SSE inline assembly and possible g++ optimization bug

Let's start with the code. I have two structures, one for vectors, and other for matrices.

struct AVector
    {
    explicit AVector(float x=0.0f, float y=0.0f, float z=0.0f, float w=0.0f):
        x(x), y(y), z(z), w(w) {}
    AVector(const AVector& a):
        x(a.x), y(a.y), z(a.z), w(a.w) {}

    AVector& operator=(const AVector& a) {x=a.x; y=a.y; z=a.z; w=a.w; return *this;}

    float x, y, z, w;
    };

struct AMatrix
    {
    // Row-major
    explicit AMatrix(const AVector& a=AVector(), const AVector& b=AVector(), const AVector& c=AVector(), const AVector& d=AVector())
        {row[0]=a; row[1]=b; row[2]=c; row[3]=d;}
    AMatrix(const AMatrix& m) {row[0]=m.row[0]; row[1]=m.row[1]; row[2]=m.row[2]; row[3]=m.row[3];}

    AMatrix& operator=(const AMatrix& m) {row[0]=m.row[0]; row[1]=m.row[1]; row[2]=m.row[2]; row[3]=m.row[3]; return *this;}

    AVector row[4];
    };

Next, code performing calculations on those structures.
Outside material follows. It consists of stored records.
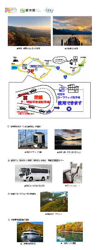 日光市・栃木県・東武グループ 紅葉時期の日光で渋滞対策を推進し、エコで快適な観光の標準化を目指します。 〜混雑を避けたストレスフリーな日光観光で、 日常を忘れて心と身体を満たす贅沢な秋を〜 日光市、栃木県、東武グループでは、国内有数の観光地「日光」において、日光の最繁忙期である紅葉シーズンにあわせ、マイカー利用に対する渋滞対策を実施いたします。 紅葉の名所として有名な奥日光地域の玄関口であるいろは坂は、紅葉シーズンを中心とした行楽シーズンにおけるマイカー渋滞が発生し、CO2(二酸化炭素)排出により周辺環境に負担をかけています。その渋滞緩和施策として、マイカー渋滞のボトルネックの一つとなっている明智平県営駐車場を、最も混雑が見込まれる 11/1(土)〜3(月・祝日)の3日間に限り試験的に封鎖したうえで交通誘導を実施します。また、紅葉シーズンである10〜11月は、中禅寺湖周辺にある観光施設の早朝営業等により、いろは坂における道路混雑の平準化を目指します。これら官民連携の取り組みにより、渋滞対策とそれに伴う CO2(二酸化炭素)の削減を3者一体となり推進していきます。 詳細は別紙のほか、日光市公式観光 WEB(https://www.nikko-kankou.org/features/%20congestion)のとおりです。 今後も「雲の上のサステナブルリゾート奥日光」の実現に向け、環境負荷低減を目指す取り組みを実施するとともに、混雑を避けたストレスフリーな日光観光や、マイカー利用から公共交通利用へのモーダルシフト等を推奨してまいりますので、観光でお越しになる皆様のご理解・ご協力のほど、お願いいたします。 <<別紙1>> 【紅葉時期における交通渋滞対策の実施について】 平日またはオフピーク(15:00〜9:00)観光および、ピーク時(土・日・祝の 9:00〜15:00)における公共交通機関の利用を推奨するとともに、各種取り組みを実施します。 【明智平県営駐車場閉鎖】※社会実験の実施 11/1(土)〜3(月・祝日)の3日間、いろは坂の交通渋滞対策として明智平県営駐車場を閉鎖します。 明智平は右側に明智平ロープウェイ、左側に明智平県営駐車場があり、これまで駐車場入庫待ちの車により渋滞発生の原因となっていました。今回、明智平県営駐車場を閉鎖することで、左車線を中禅寺湖方面への通過車両、右車線を明智平ロープウェイへの車両とすることで、渋滞の軽減に努めます。 また、駐車場閉鎖に伴い、駐車場入口に誘導員を配置するとともに案内看板及び周知看板を設置します。 ★奥日光方面へは左車線をご利用ください。 実施主体 栃木県県土整備部交通政策課、日光土木事務所 問合せ先 栃木県交通政策課:028-623-2409、日光土木事務所:0288-53-1212 WEBサイト https://nikkotrafficinfo.jp/ <<別紙2>> 【オフピーク施策について】 公共交通機関を利用してストレスフリーな日光観光をお楽しみください。 @臨時夜行列車「日光紅葉夜行」の運行 概 要:浅草駅を23:45に出発し、東武日光駅に2:16に到着する夜行列車で、途中、北千住・新越谷・春日部の各駅からも乗車可能です。夜行列車として深夜時間帯に出発することで混雑を避けつつ、奥日光の色鮮やかな紅葉を早朝からお楽しみいただけます。 WEBサイト:https://tobutoptours.jp/nikko-kinugawa/nikkoyako/ (東武トップツアーズ) 実施期間:10/18(土)、10/24(金)、10/25(土)、10/31(金)、11/2(日)、11/7(金) 備 考:ご利用の際は東武トップツアーズにお申込みください。 A貸切バス「SPACIA X NIKKO CRUISER」が紡ぐ 早朝紅葉鑑賞ツアー 概 要: R7.10月に運行開始する新型特急「スペーシア X」のデザインコンセプトを継承したハイグレード貸切バス「 SPACIA X NIKKO CRUISER」に乗車できる初めてのツアーです。静寂に包まれた早朝の展望台から眼下に広がる紅葉の絶景と壮大な華厳の滝を静かにゆったりと鑑賞できます。 実施期間:10/19(日)・23(木)〜26(日)、10/30(木).11/3(月)発(1泊 2日) WEBサイト:https://tobutoptours.jp/nikko-kinugawa/spaciaxnikkocruiser/ (東武トップツアーズ) 備 考:ご利用の際は東武トップツアーズにお申込みください。 B明智平ロープウェイの早朝運転 概 要:中禅寺湖、華厳の滝、男体山をはじめとする山並みなど、日光一の絶景スポットと言われる明智平展望台からの眺望を混雑前にお楽しみいただけます。 実施期間:7:30営業開始】 10/20(月)、10/24(金)〜 10/27(月)、 10/31(金)〜 11/4(火)、 11/8(土)〜 11/11(火)、11/16(日) 8:00営業開始】 10/28(火)〜 10/30(木)、11/5(水)〜 11/7(金)、 11/12(水)〜 11/15(土) 8:30営業開始】 10/18(土)〜 10/19(日)、10/21(火)〜 10/23(木) WEBサイト:https://www.nikko-kotsu.co.jp/ropeway/ 備 考:荒天時(霧・強風・雷など)は営業開始時間を変更することがあります。 また、点検整備のため運休する場合があります。 C中禅寺湖遊覧船の増便 概 要:紅葉シーズン中の以下日程において、早朝、夕方に遊覧船を増便します。朝日に映える紅葉の名所・八丁出島や男体山、夕暮れに浮かび上がる山の稜線や夕焼けに染まる中禅寺湖をご堪能ください。 実施期間:早朝増便 8:30発 船の駅中禅寺〜船の駅中禅寺(周回所要時間 30分)】 10/20(
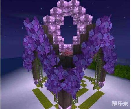 房子外面放上紫色树叶做装饰
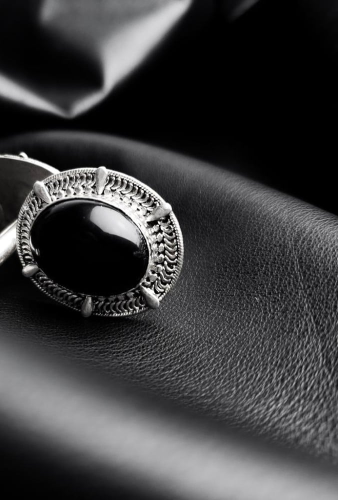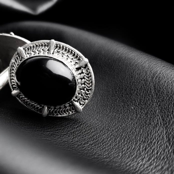 كبك فضة إيطالي خالص عيار 925 مع حجر العقيق الأسود
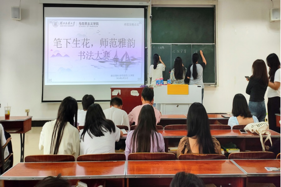 为强化师范生技能培养,提高师范生综合素质,5月26日,我院在德智楼9B108、9B210教室举办2023级师范生技能提升主题晚点系列活动之“笔下生花 师范雅韵”书法比赛活动,2023级全体学生参加此次活动。

Dot product using inlined ASM and SSE instructions:

inline AVector AVectorDot(const AVector& a, const AVector& b)
    {
    // XXX
    /*const double v=a.x*b.x+a.y*b.y+a.z*b.z+a.w*b.w;

    return AVector(v, v, v, v);*/

    AVector c;

    asm volatile(
        "movups (%1), %%xmm0\n\t"
        "movups (%2), %%xmm1\n\t"
        "mulps %%xmm1, %%xmm0\n\t"          // xmm0 -> (a1+b1, , , )
        "movaps %%xmm0, %%xmm1\n\t"         // xmm1 = xmm0
        "shufps $0xB1, %%xmm1, %%xmm1\n\t"  // 0xB1 = 10110001
        "addps %%xmm1, %%xmm0\n\t"          // xmm1 -> (x, y, z, w)+(y, x, w, z)=(x+y, x+y, z+w, z+w)
        "movaps %%xmm0, %%xmm1\n\t"         // xmm1 = xmm0
        "shufps $0x0A, %%xmm1, %%xmm1\n\t"  // 0x0A = 00001010
        "addps %%xmm1, %%xmm0\n\t"          // xmm1 -> (x+y+z+w, , , )
        "movups %%xmm0, %0\n\t"
        : "=m"(c)
        : "r"(&a), "r"(&b)
        );

    return c;
    }

Matrix transposition:

inline AMatrix AMatrixTranspose(const AMatrix& m)
    {
    AMatrix c(
        AVector(m.row[0].x, m.row[1].x, m.row[2].x, m.row[3].x),
        AVector(m.row[0].y, m.row[1].y, m.row[2].y, m.row[3].y),
        AVector(m.row[0].z, m.row[1].z, m.row[2].z, m.row[3].z),
        AVector(m.row[0].w, m.row[1].w, m.row[2].w, m.row[3].w));

    // XXX
    /*printf("AMcrix c:\n    [%5.2f %5.2f %5.2f %5.2f]\n    [%5.2f %5.2f %5.2f %5.2f]\n    [%5.2f %5.2f %5.2f %5.2f]\n    [%5.2f %5.2f %5.2f %5.2f]\n",
        c.row[0].x, c.row[0].y, c.row[0].z, c.row[0].w,
        c.row[1].x, c.row[1].y, c.row[1].z, c.row[1].w,
        c.row[2].x, c.row[2].y, c.row[2].z, c.row[2].w,
        c.row[3].x, c.row[3].y, c.row[3].z, c.row[3].w);*/

    return c;
    }

Matrix-matrix multiplication - transpose first matrix, because when I have it stored as column major, and second one as row major, then I can perform multiplication using dot-products.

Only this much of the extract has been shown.